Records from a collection
▶
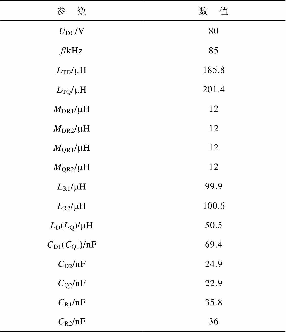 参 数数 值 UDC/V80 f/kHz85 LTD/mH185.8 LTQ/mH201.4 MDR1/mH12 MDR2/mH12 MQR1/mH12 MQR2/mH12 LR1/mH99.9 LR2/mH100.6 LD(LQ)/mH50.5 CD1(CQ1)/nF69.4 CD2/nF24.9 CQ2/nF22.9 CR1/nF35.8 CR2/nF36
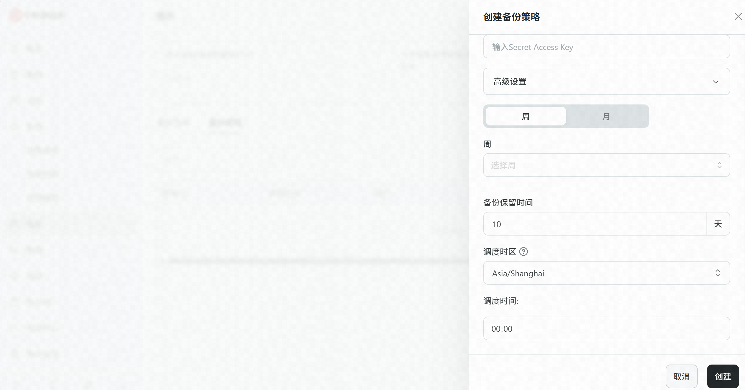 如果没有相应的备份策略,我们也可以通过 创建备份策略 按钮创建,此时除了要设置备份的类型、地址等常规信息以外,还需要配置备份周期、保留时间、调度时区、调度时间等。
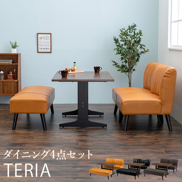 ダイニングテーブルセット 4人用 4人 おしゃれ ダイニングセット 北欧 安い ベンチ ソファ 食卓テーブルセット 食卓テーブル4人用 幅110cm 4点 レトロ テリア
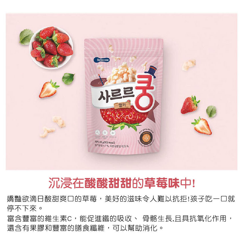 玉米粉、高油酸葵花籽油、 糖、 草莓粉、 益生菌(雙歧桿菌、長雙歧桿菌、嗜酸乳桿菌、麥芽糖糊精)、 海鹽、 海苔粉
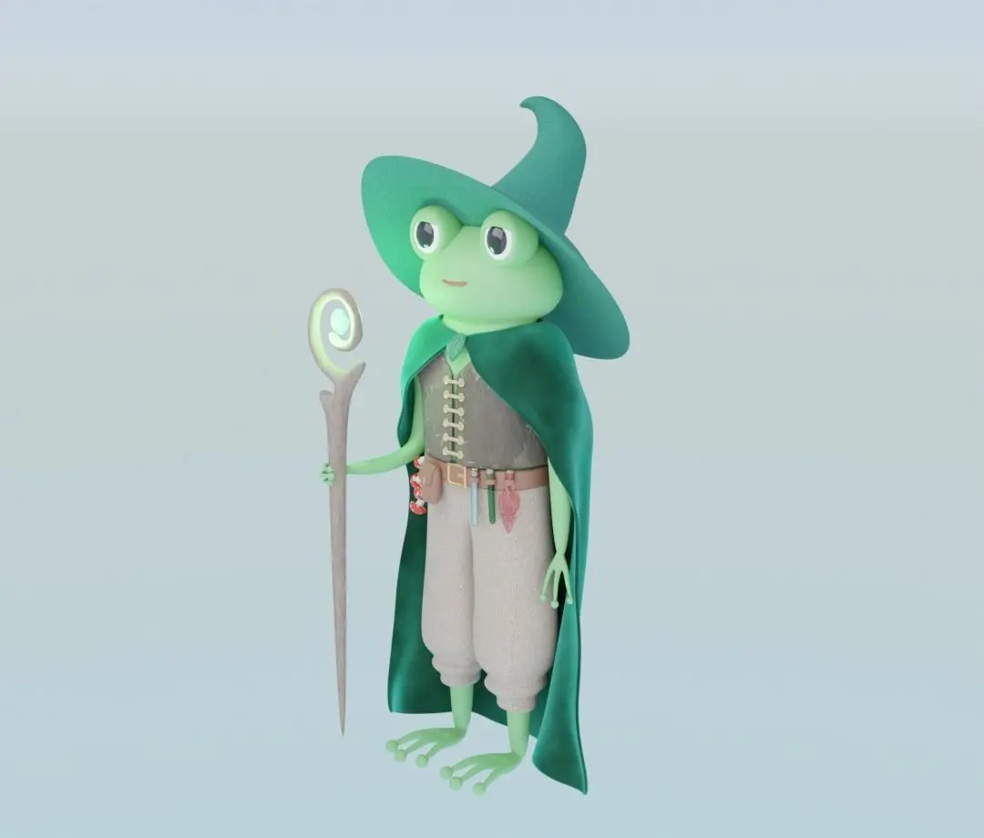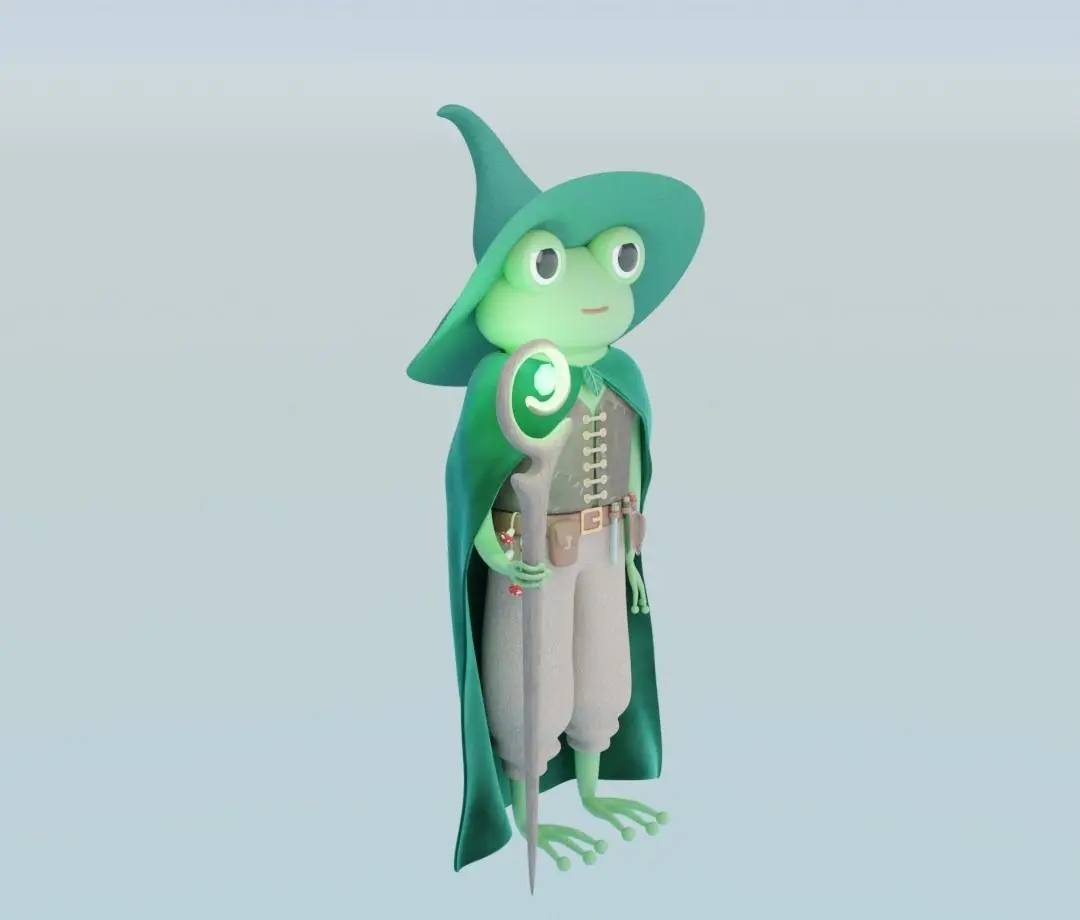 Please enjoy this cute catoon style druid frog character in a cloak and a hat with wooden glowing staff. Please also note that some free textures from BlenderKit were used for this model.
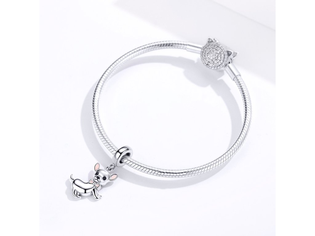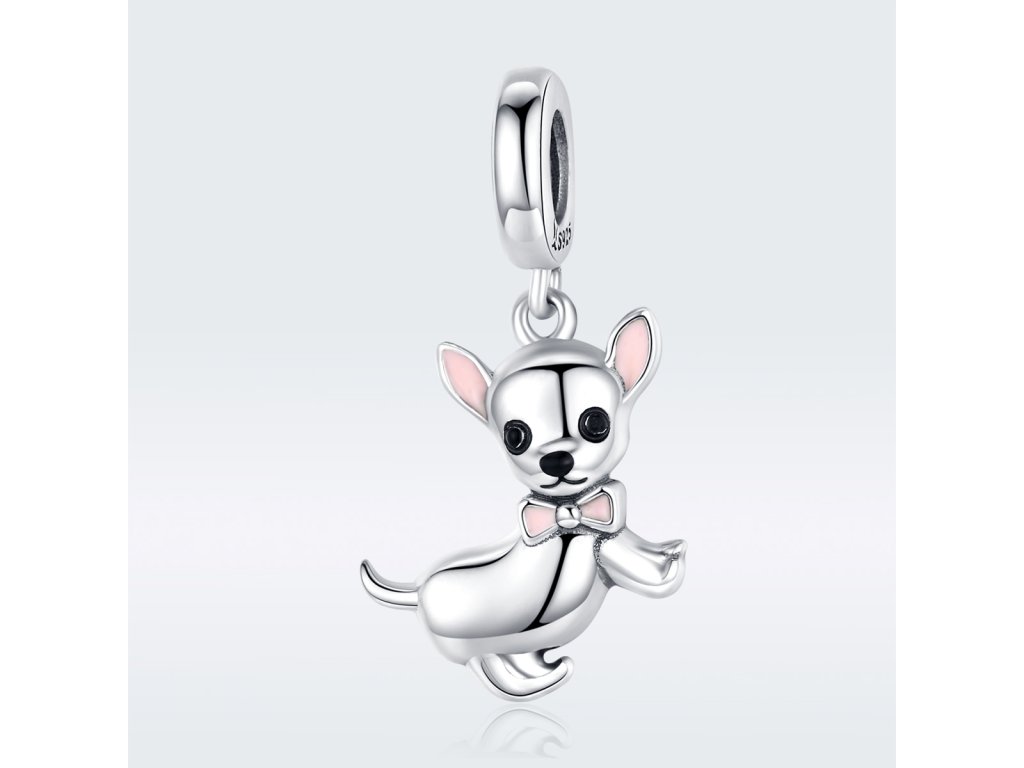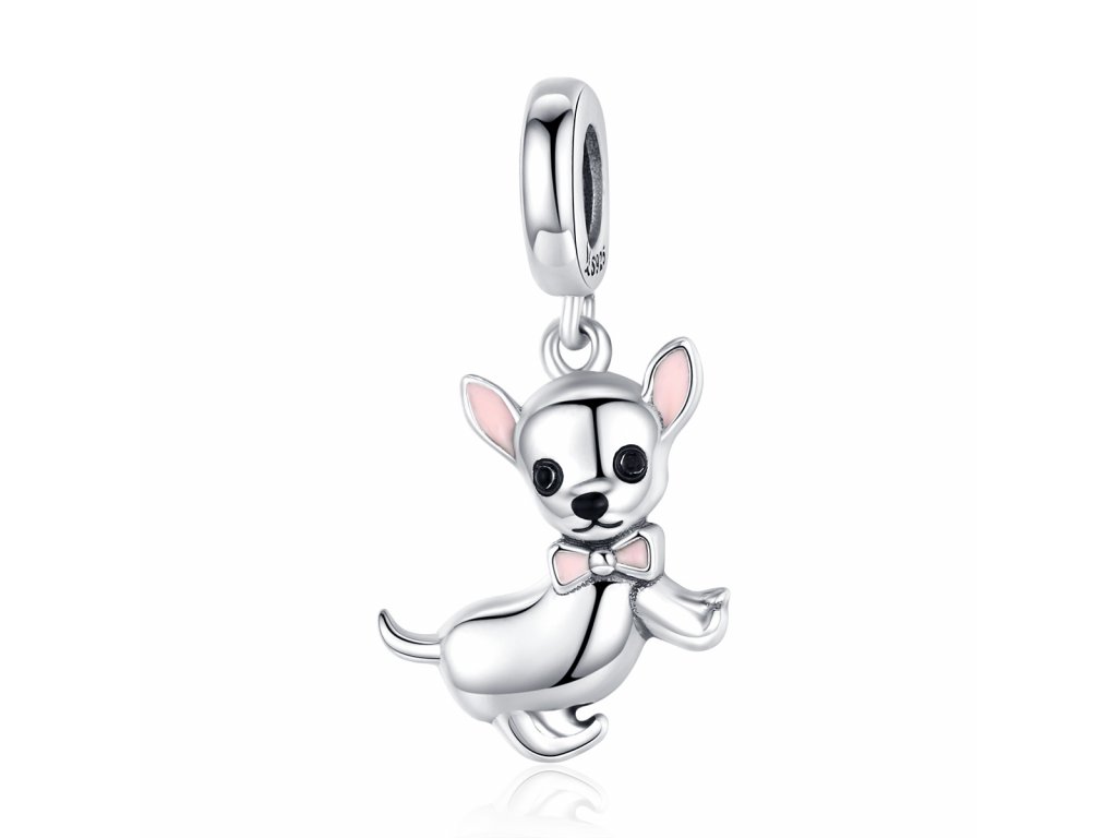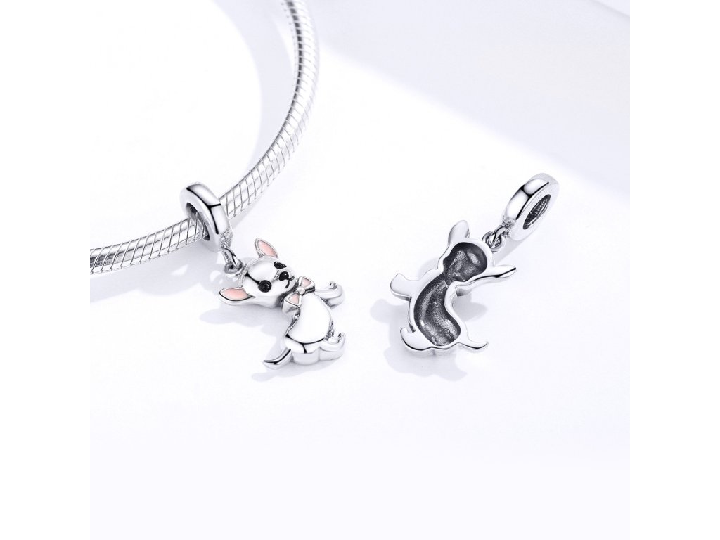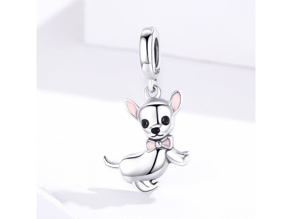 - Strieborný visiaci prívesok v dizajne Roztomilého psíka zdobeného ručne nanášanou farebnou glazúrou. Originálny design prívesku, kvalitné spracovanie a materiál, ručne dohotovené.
◀
No pictures belong in the copy; output every record exactly.

▶ _EXERCISE ANSWER_
 参 数数 值 UDC/V80 f/kHz85 LTD/mH185.8 LTQ/mH201.4 MDR1/mH12 MDR2/mH12 MQR1/mH12 MQR2/mH12 LR1/mH99.9 LR2/mH100.6 LD(LQ)/mH50.5 CD1(CQ1)/nF69.4 CD2/nF24.9 CQ2/nF22.9 CR1/nF35.8 CR2/nF36
 如果没有相应的备份策略,我们也可以通过 创建备份策略 按钮创建,此时除了要设置备份的类型、地址等常规信息以外,还需要配置备份周期、保留时间、调度时区、调度时间等。
 ダイニングテーブルセット 4人用 4人 おしゃれ ダイニングセット 北欧 安い ベンチ ソファ 食卓テーブルセット 食卓テーブル4人用 幅110cm 4点 レトロ テリア
 玉米粉、高油酸葵花籽油、 糖、 草莓粉、 益生菌(雙歧桿菌、長雙歧桿菌、嗜酸乳桿菌、麥芽糖糊精)、 海鹽、 海苔粉
 Please enjoy this cute catoon style druid frog character in a cloak and a hat with wooden glowing staff. Please also note that some free textures from BlenderKit were used for this model.
 - Strieborný visiaci prívesok v dizajne Roztomilého psíka zdobeného ručne nanášanou farebnou glazúrou. Originálny design prívesku, kvalitné spracovanie a materiál, ručne dohotovené.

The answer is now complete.